(WORK ORDER) Starting with the first line below, extract each line through the one that contains "12月8日上午,完美app官", inclusive, excluding pictures.

(DATA SECTION)
═══

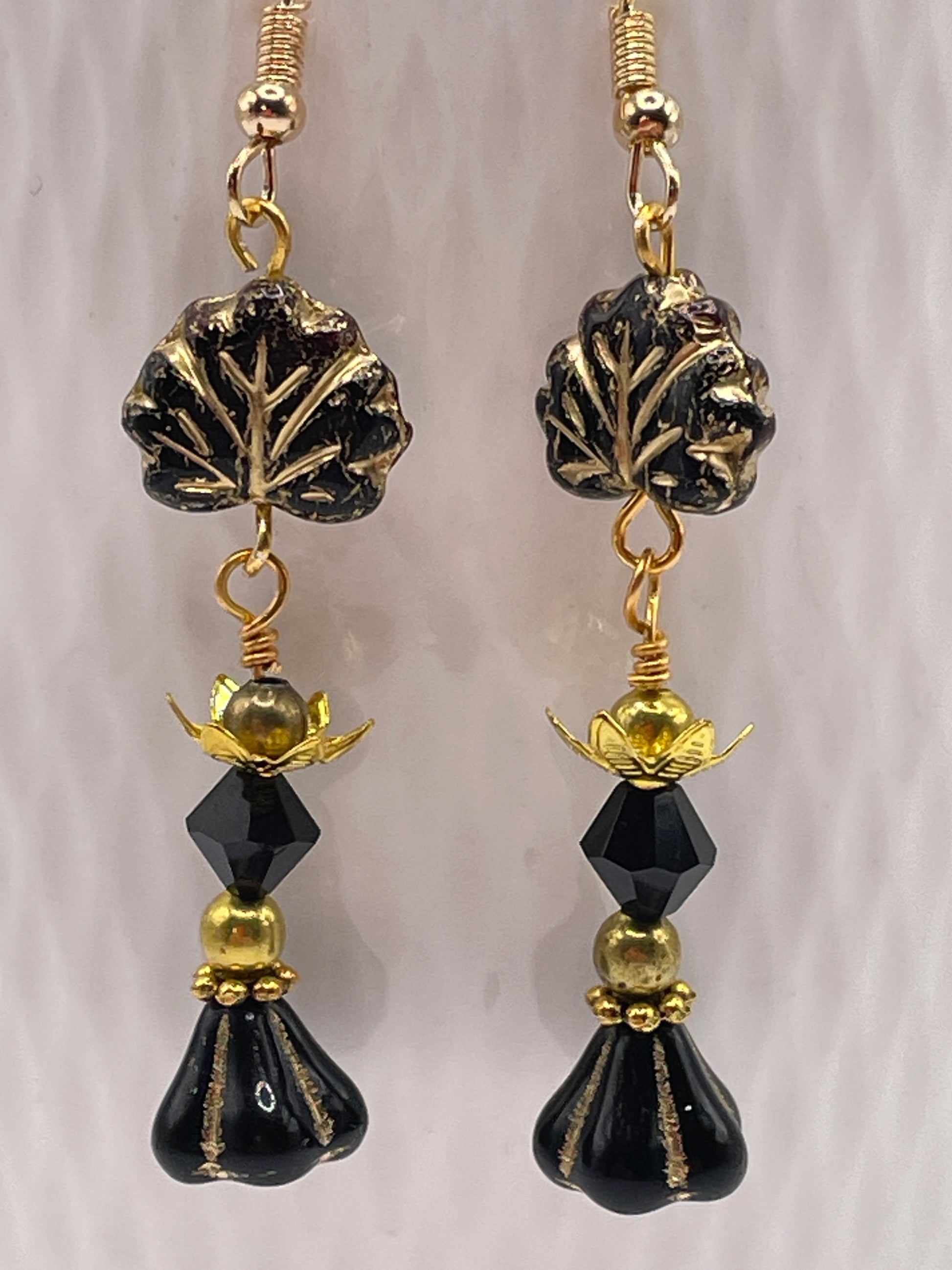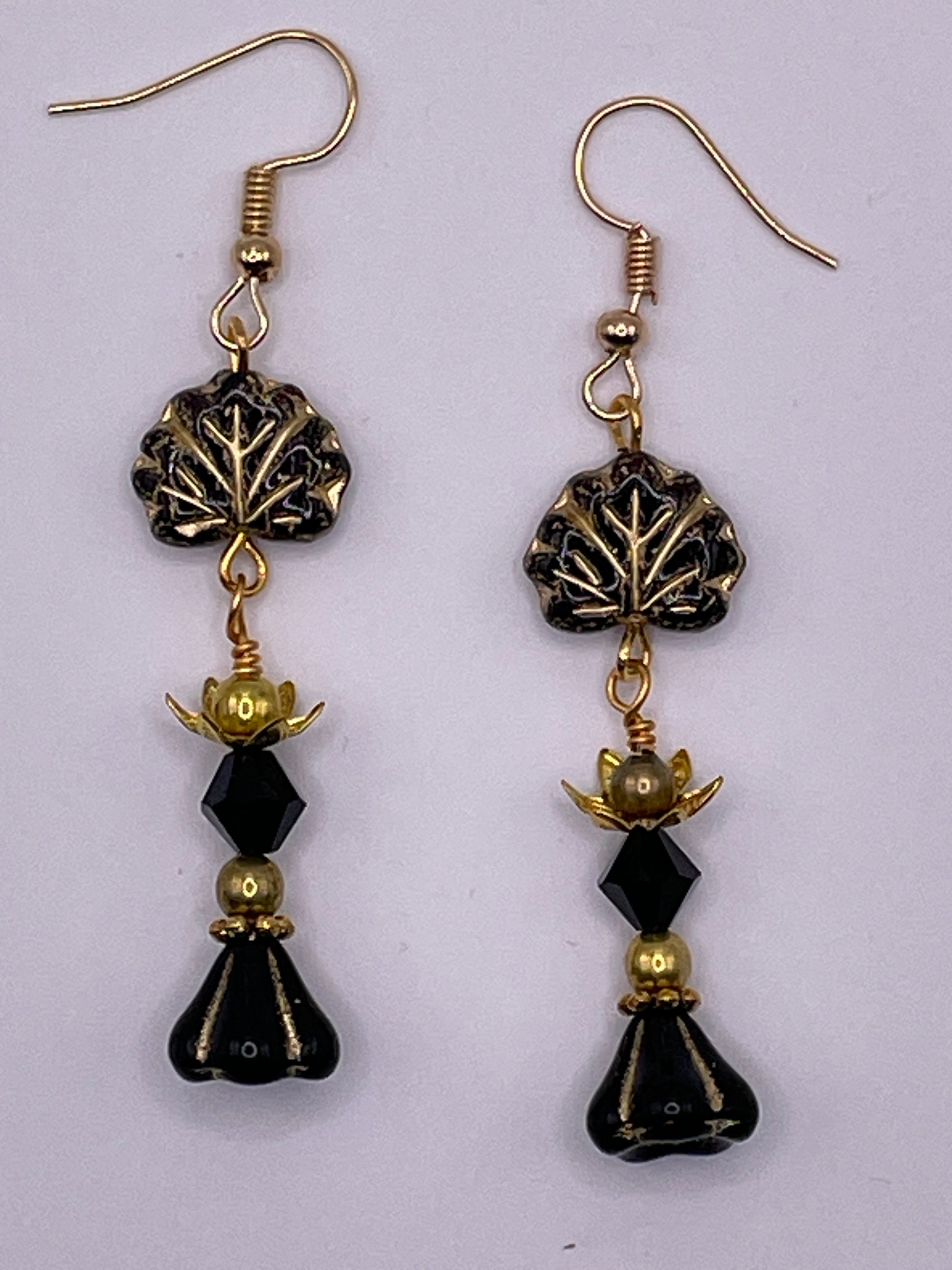 Jet Black and Gold Art Deco Look earrings 6cm (2-1/4") 10.5x13mm Jet Black and gold Czech glass maple leaf, 8mm bicone, 8.5x9.5mm Czech glass jet black bell flower with gold plated bead caps, spacer beads and ear wires.
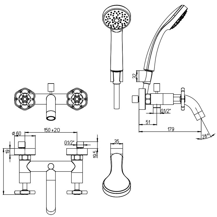 IB RUBINETTERIE HERMES WANDMONTIERTE WANNENGRUPPE MIT DUSCHSET
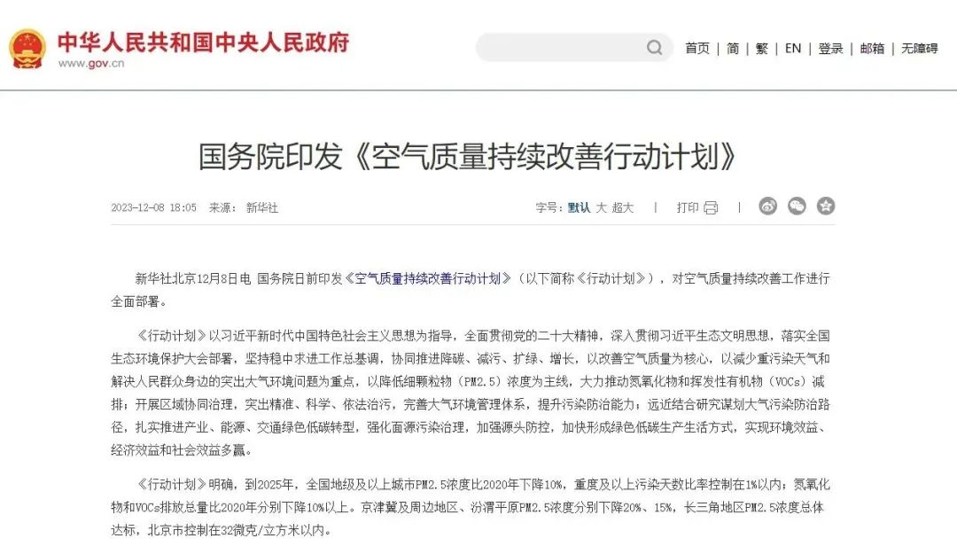 国务院日前印发的《空气质量持续改善行动计划》(下称《行动计划》)提出,以改善空气质量为核心,以减少重污染天气和解决人民群众身边的突出大气环境问题为重点,以降低细颗粒物(PM2.5)浓度为主线,大力推动氮氧化物和挥发性有机物(VOCs)减排。
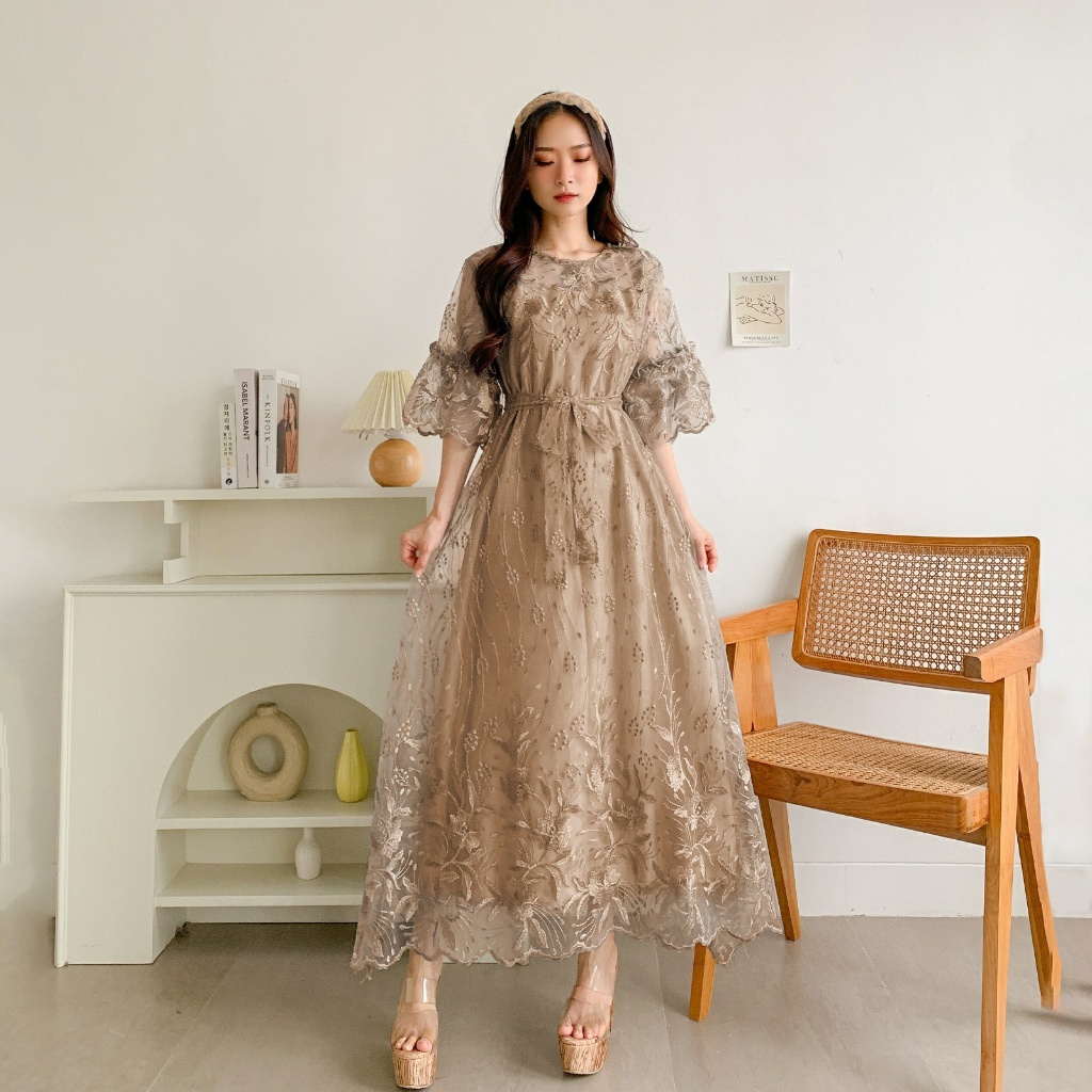 Dress Long Wanita Pesta Party dress kondangan panjang mewah dan elegan terbaru Brokat Formal Gaun Tile Simple Natal daniella
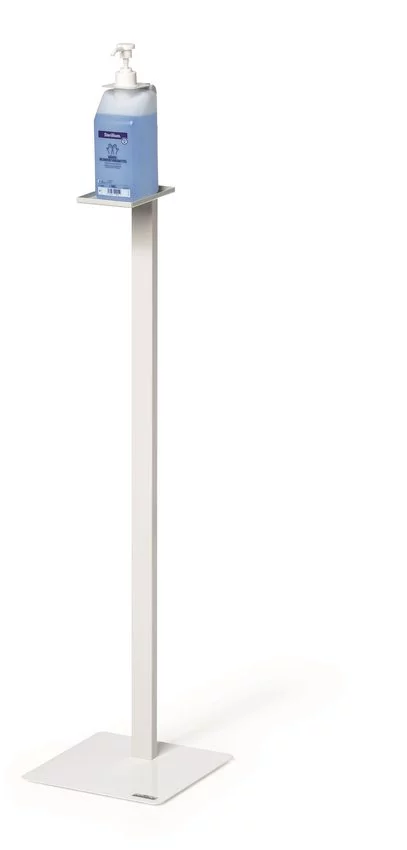 Solidny i wysokiej jakości dozownik do środków dezynfekujących jako mobilny stojak podłogowy, który można dowolnie ustawić
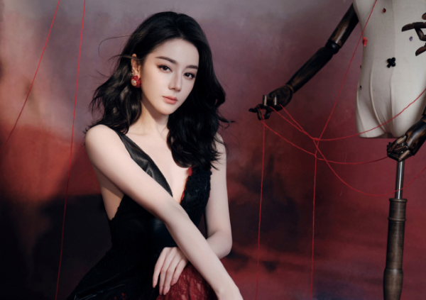 - 迪丽热巴黑色深V裙,媚骨天成自带焦点
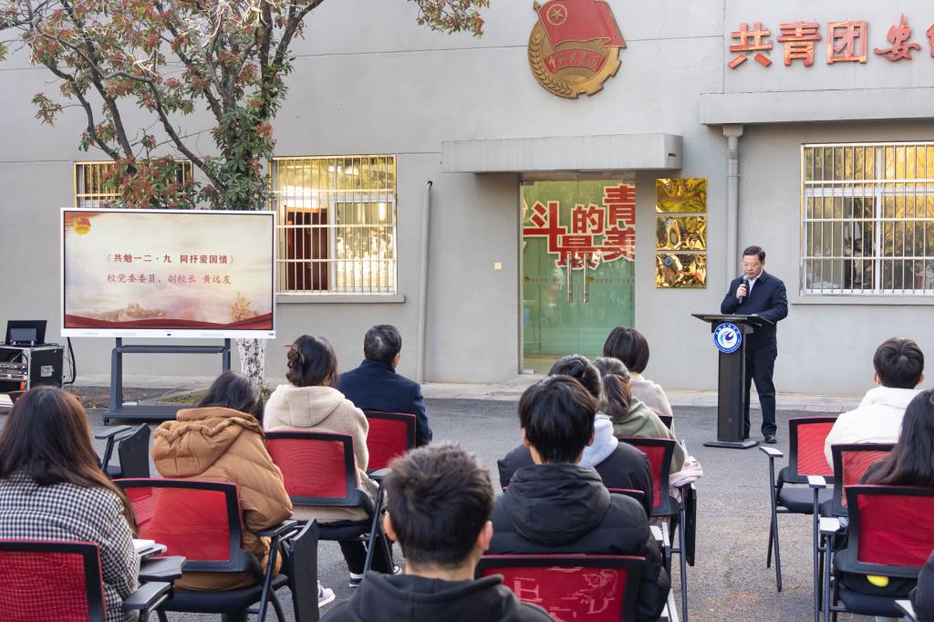 12月8日上午,完美app官方在线入口纪念“一二·九运动”沉浸式诵读会在凤阳校区五四广场举办,校党委委员、副院长黄远友与现场同学们一道,以沉浸式诗文朗诵的形式,开展了一场别开生面的思政课。
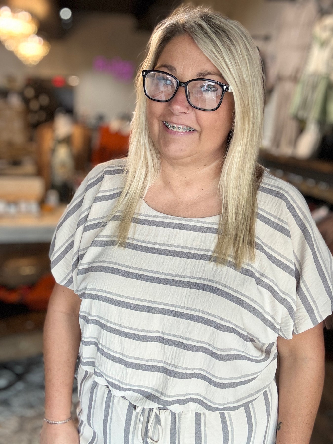 Step out in style and comfort with this Taupe Striped Set. The top features a playful bubble hem and a cozy crew neckline, perfectly paired with straight-leg pants that have an elastic waistband with a drawstring for an adjustable fit. Practical pockets add a touch of convenience to this effortlessly chic ensemble.
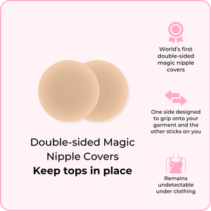 World’s first Double-sided Magic Nipple Covers, one side designed to grip onto your garment and the other sticks on you. Keeps clothing in place while remaining undetectable under your clothing.
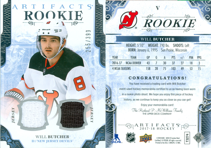 2017 Upper Deck Artifacts Rookie Relic Redemptions card #V worth $15.00
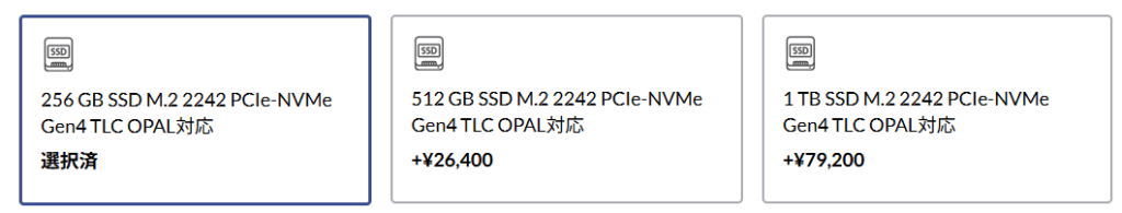| ストレージ | 256GB / 512GB / 1TB SSD (M.2 2242/PCIe® 4.0 x4) |
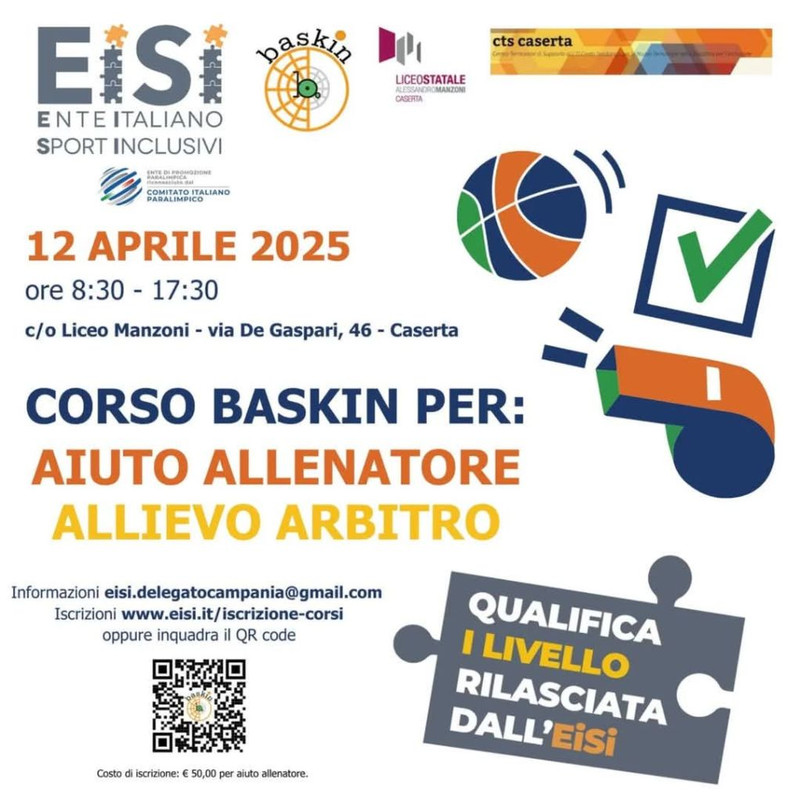 Sabato mattina al Liceo Manzoni in Via De Gaspari, a Caserta, dalle 8.30 si terrà per la prima volta il Corso di Formazione per Allenatori e Arbitri Baskin, tenuto dal Formatore Nazionale Vittorio Scotto di Carlo e dal Formatore Nazionale Arbitri , nonché Responsabile Nazionale Arbitri, Emilio Chiarugi.
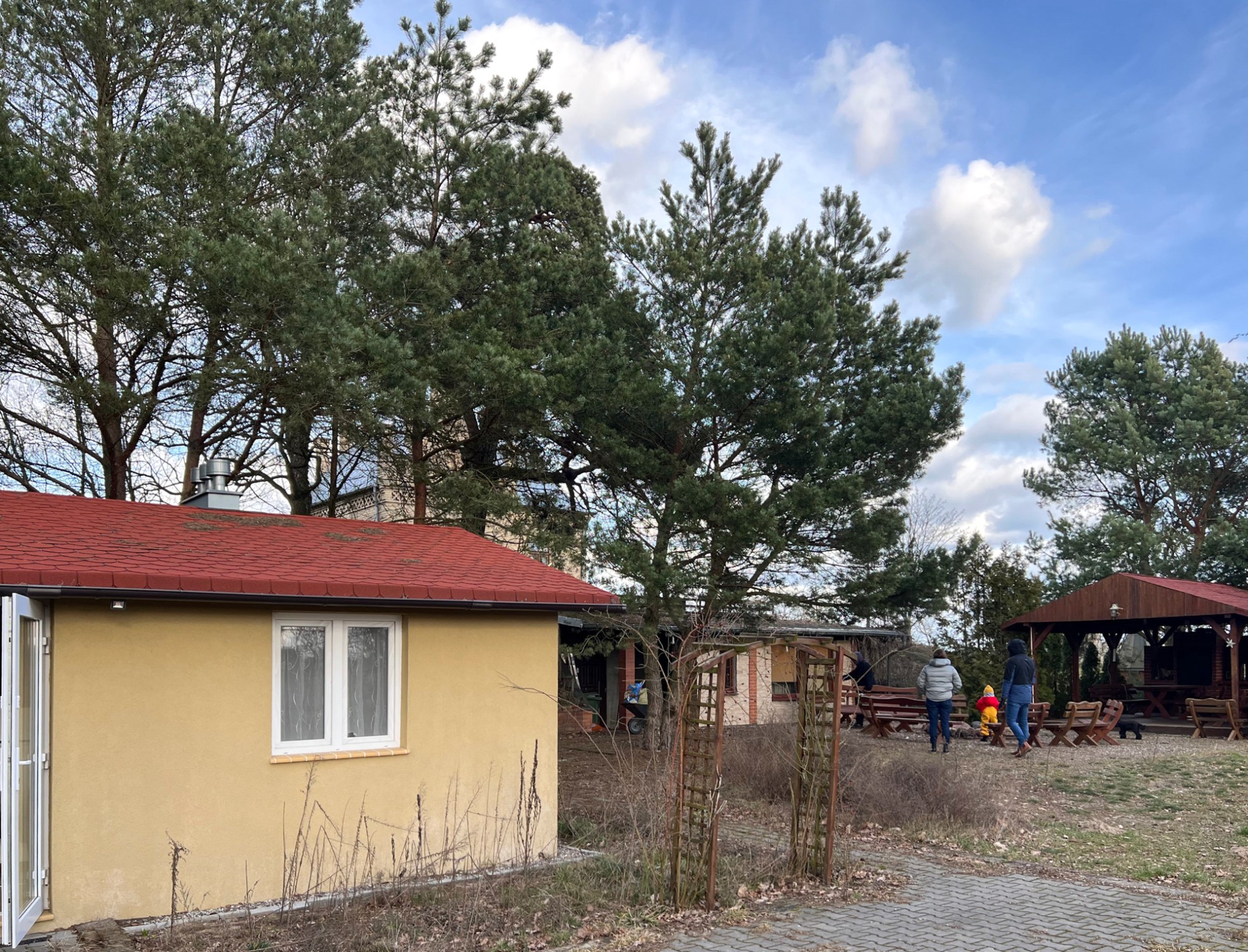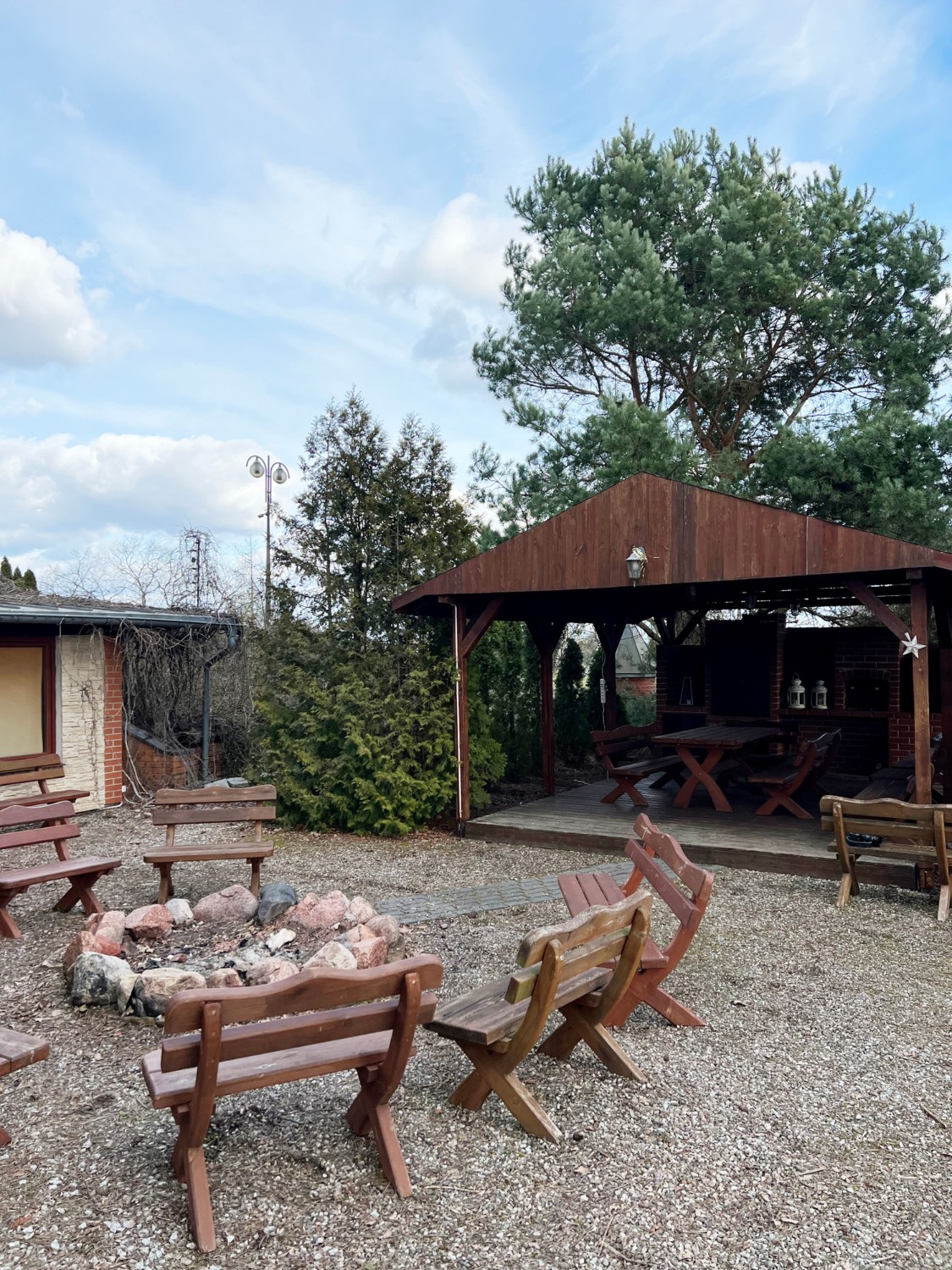 Nos terrenos vedados, encontra-se um pavilhão com churrasqueira e fumeiro, uma área de fogo ao ar livre e um anexo separado com quarto, casa de banho, cozinha e sala de estar.

═══

(YOUR RESPONSE)
 Jet Black and Gold Art Deco Look earrings 6cm (2-1/4") 10.5x13mm Jet Black and gold Czech glass maple leaf, 8mm bicone, 8.5x9.5mm Czech glass jet black bell flower with gold plated bead caps, spacer beads and ear wires.
 IB RUBINETTERIE HERMES WANDMONTIERTE WANNENGRUPPE MIT DUSCHSET
 国务院日前印发的《空气质量持续改善行动计划》(下称《行动计划》)提出,以改善空气质量为核心,以减少重污染天气和解决人民群众身边的突出大气环境问题为重点,以降低细颗粒物(PM2.5)浓度为主线,大力推动氮氧化物和挥发性有机物(VOCs)减排。
 Dress Long Wanita Pesta Party dress kondangan panjang mewah dan elegan terbaru Brokat Formal Gaun Tile Simple Natal daniella
 Solidny i wysokiej jakości dozownik do środków dezynfekujących jako mobilny stojak podłogowy, który można dowolnie ustawić
 - 迪丽热巴黑色深V裙,媚骨天成自带焦点
 12月8日上午,完美app官方在线入口纪念“一二·九运动”沉浸式诵读会在凤阳校区五四广场举办,校党委委员、副院长黄远友与现场同学们一道,以沉浸式诗文朗诵的形式,开展了一场别开生面的思政课。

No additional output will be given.